▶ _RECORDS PROVIDED_:
++++++
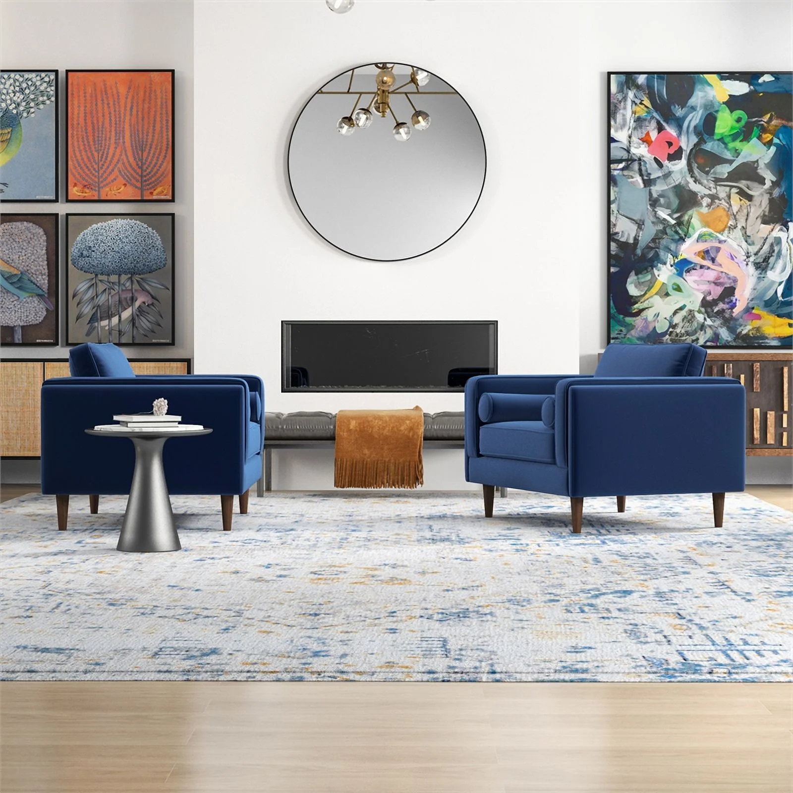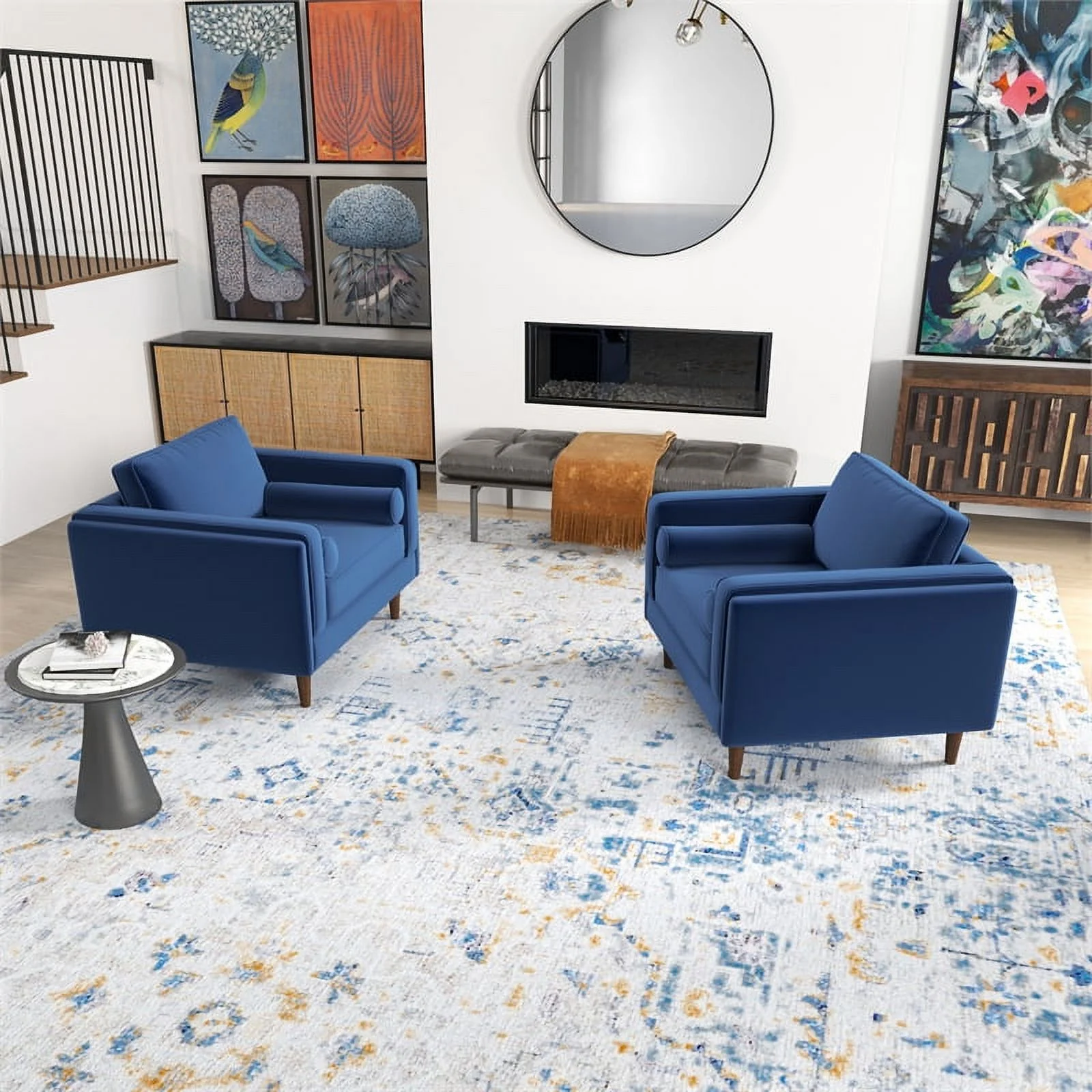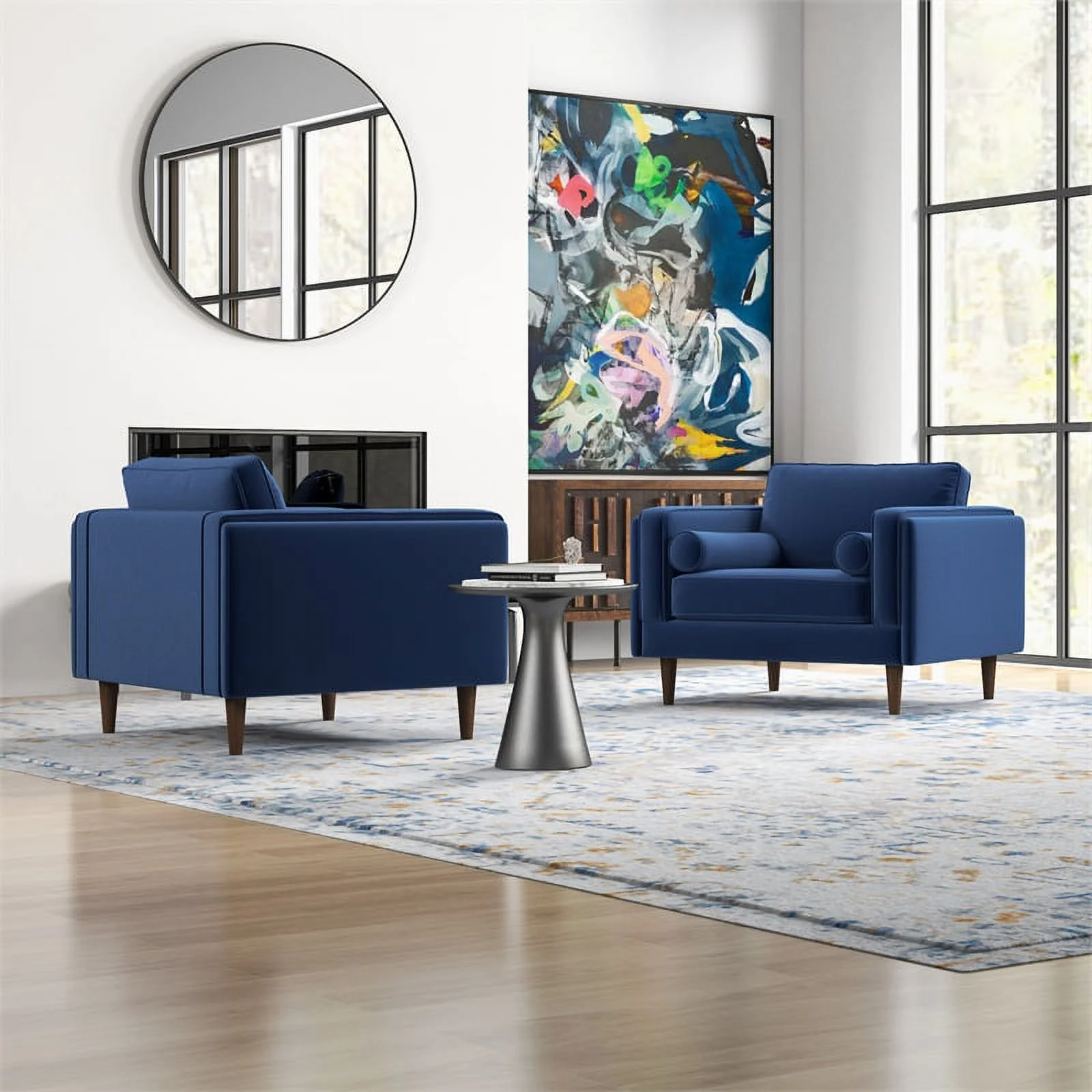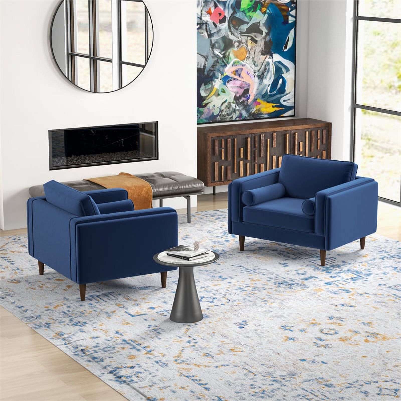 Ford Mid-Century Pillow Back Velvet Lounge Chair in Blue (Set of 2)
++++++
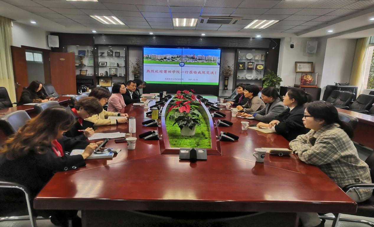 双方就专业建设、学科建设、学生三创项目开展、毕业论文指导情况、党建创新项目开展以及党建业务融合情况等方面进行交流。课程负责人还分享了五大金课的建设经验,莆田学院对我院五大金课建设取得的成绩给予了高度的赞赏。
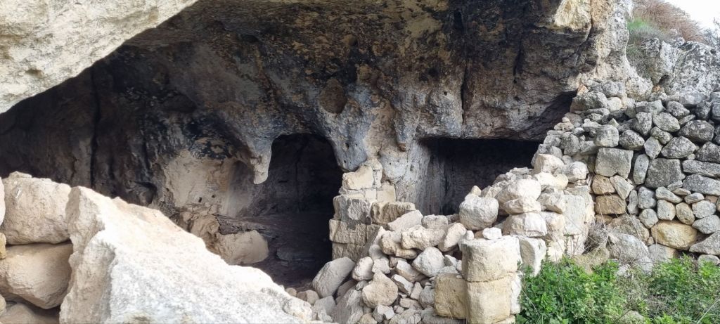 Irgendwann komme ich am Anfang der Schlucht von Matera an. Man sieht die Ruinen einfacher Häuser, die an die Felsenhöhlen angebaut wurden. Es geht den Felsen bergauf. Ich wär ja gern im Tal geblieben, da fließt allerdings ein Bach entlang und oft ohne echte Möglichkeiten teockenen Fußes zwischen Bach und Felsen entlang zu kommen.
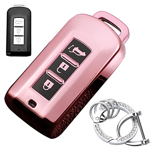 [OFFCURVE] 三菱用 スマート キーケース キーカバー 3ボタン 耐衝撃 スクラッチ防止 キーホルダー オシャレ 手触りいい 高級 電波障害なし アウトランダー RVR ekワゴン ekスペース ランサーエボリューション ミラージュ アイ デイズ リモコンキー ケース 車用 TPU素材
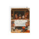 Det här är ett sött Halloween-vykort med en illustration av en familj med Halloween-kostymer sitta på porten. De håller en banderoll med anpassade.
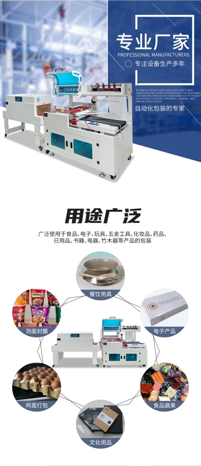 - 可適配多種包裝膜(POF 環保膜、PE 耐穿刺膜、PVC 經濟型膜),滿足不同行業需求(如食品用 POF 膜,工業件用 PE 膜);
++++++
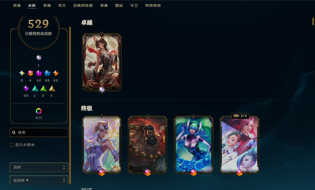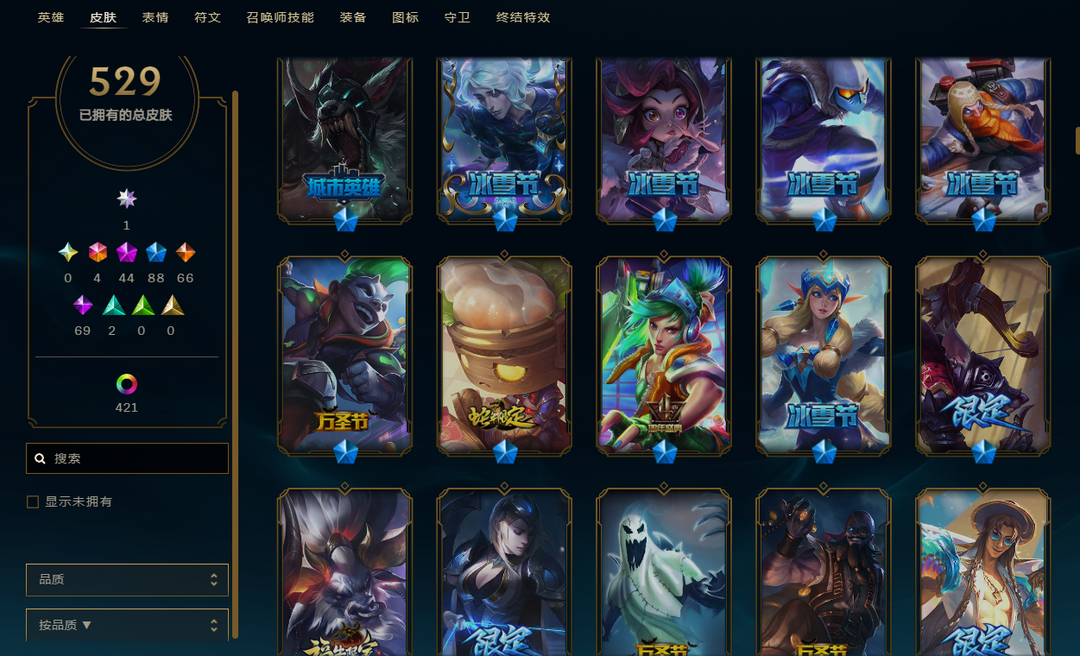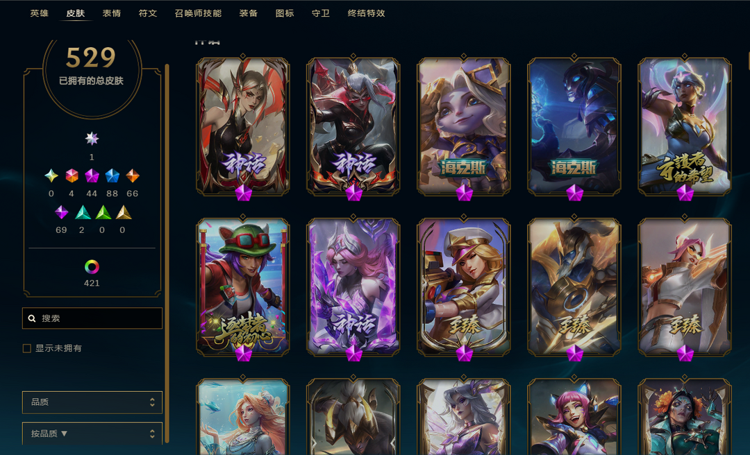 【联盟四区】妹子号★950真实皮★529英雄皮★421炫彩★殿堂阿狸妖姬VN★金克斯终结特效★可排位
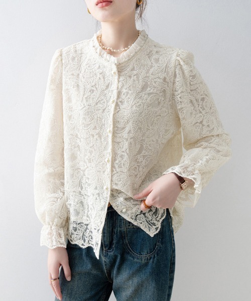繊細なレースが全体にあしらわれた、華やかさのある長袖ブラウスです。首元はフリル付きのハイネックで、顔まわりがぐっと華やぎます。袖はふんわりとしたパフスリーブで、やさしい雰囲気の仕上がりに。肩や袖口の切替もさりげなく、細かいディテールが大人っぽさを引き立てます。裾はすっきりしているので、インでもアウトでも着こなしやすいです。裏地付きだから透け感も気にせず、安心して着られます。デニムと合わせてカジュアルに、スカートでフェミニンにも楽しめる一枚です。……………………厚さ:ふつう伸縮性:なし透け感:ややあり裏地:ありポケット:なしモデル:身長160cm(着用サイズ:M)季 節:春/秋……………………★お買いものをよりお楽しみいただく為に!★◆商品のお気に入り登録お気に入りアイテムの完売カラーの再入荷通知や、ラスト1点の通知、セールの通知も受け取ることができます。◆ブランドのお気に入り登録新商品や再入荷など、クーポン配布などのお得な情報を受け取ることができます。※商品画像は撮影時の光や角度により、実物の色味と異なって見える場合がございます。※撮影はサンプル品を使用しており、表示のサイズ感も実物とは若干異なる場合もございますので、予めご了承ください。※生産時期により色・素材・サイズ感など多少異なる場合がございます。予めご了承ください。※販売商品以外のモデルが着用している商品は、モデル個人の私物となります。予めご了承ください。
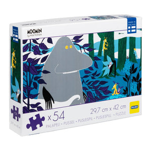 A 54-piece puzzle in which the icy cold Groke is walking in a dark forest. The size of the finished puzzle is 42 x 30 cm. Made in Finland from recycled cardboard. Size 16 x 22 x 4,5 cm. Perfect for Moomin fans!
++++++
▶ _WHAT THE TASK ASKS_: Find the line with "双方就专业建设、学科建设、学" in the data above, and from there retype each line exactly through the line with "- 可適配多種包裝膜(POF 環保膜、PE", skipping the pictures along the way.

▶ _WRITTEN RESPONSE_:
 双方就专业建设、学科建设、学生三创项目开展、毕业论文指导情况、党建创新项目开展以及党建业务融合情况等方面进行交流。课程负责人还分享了五大金课的建设经验,莆田学院对我院五大金课建设取得的成绩给予了高度的赞赏。
 Irgendwann komme ich am Anfang der Schlucht von Matera an. Man sieht die Ruinen einfacher Häuser, die an die Felsenhöhlen angebaut wurden. Es geht den Felsen bergauf. Ich wär ja gern im Tal geblieben, da fließt allerdings ein Bach entlang und oft ohne echte Möglichkeiten teockenen Fußes zwischen Bach und Felsen entlang zu kommen.
 [OFFCURVE] 三菱用 スマート キーケース キーカバー 3ボタン 耐衝撃 スクラッチ防止 キーホルダー オシャレ 手触りいい 高級 電波障害なし アウトランダー RVR ekワゴン ekスペース ランサーエボリューション ミラージュ アイ デイズ リモコンキー ケース 車用 TPU素材
 Det här är ett sött Halloween-vykort med en illustration av en familj med Halloween-kostymer sitta på porten. De håller en banderoll med anpassade.
 - 可適配多種包裝膜(POF 環保膜、PE 耐穿刺膜、PVC 經濟型膜),滿足不同行業需求(如食品用 POF 膜,工業件用 PE 膜);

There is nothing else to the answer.